Colonel and Mrs Pretty often speculated as to their contents, and from time to time contemplated investigating; but, owing to her above- average knowledge of archaeology, she was aware that this must be done scientifically and under skilled supervision, and refused to allow optimistic amateurs to try their hand. After moving to Suffolk she soon became involved in social and charitable work as she had been in Cheshire, and this , and the birth of her son, Robert, in 1930, diverted her attention from archaeological matters.

After her husband's death in 1934 she relinquished many of her outside interests owing to her own ill health, and at the suggestion of friends and relatives decided in 1938 to begin an investigation of the burial mounds.An aged man living on the estate (*whose folk memory had proved strikingly accurate in other respects) assured her that a fabulous treasure lay under the tumuli; and her nephew, a dowser, had repeatedly diagnosed the presence of gold there, indicating the largest barrow as the sole source of radiation.After being taken from the site under the watchful eye of the local constabulary (for whose presence Edith Pretty herself paid) the bulk of the treasure, being too large to go into the safe, spent its first night above ground for 1 300 years under her bed.

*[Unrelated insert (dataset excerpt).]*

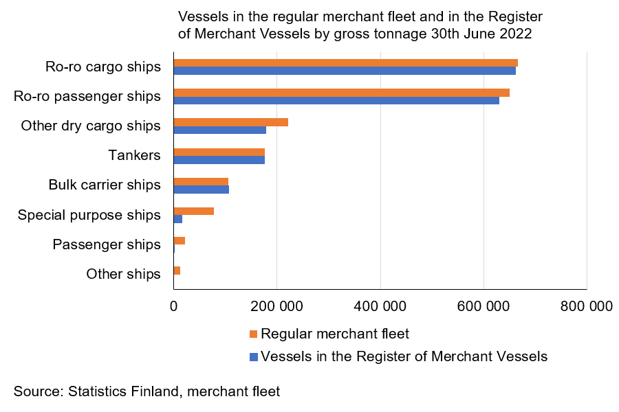 Transport and tourismAccording to Statistics Finland's preliminary data, in June 2022, the size of the Finnish merchant fleet was 1,239 vessels. The regular merchant fleet included 674 vessels and the number of small vessels was 281. The number of barges and other engineless vessels was 284 in total. The gross tonnage of the entire registered merchant fleet was 2,044,310.

Owing to the outbreak of war, although there was a good deal of notice in the world press, the find did not receive as wide attention as might otherwise have been the case. And this was fortunate, for within a few months the heathland, taken over by the military, became a tank training ground. it was considered unwise to draw the attention of the military to the site by asking for it to be put out of bounds. lest some enterprising fortune hunter should decide to excavate the remaining unexcavated mounds. The tumuli were therefore purposely left unmarked and unprotected throughout the war tears, at the mercy of tanks and rabbits. The treasure from the ship-mound lay snugly in the Aldwych Tube.

After the Coroner's inquest Edith Pretty in 1939 gave it to the nation - with the stipulation that replicas should as far as possible be provided for display in Ipswich, so that Suffolk people should always be able to see locally authentic representations of this rich treasure of one of their first rulers.

Unhappily she did not live to see the hoard taken from its wartime hideout, restored to something of its former nature and beauty and exhibited in its place of honour in the British Museum. She died at the end of 1942, and her ashes lie beside her husband in Sutton churchyard.

She was extremely kind and generous, many of her considerable benefactions, both to causes and individuals, remaining unknown in her lifetime, Among other things she gave the screen to the Regimental Capel in Bury St Edmunds Cathedral in memory of her husband and those who served with him. Of an unassuming and retiring disposition, she lived in great seclusion towards the end of her life. Even had the war not intervened, she would certainly have shunned all publicity connected with the Sutton Hoo treasure.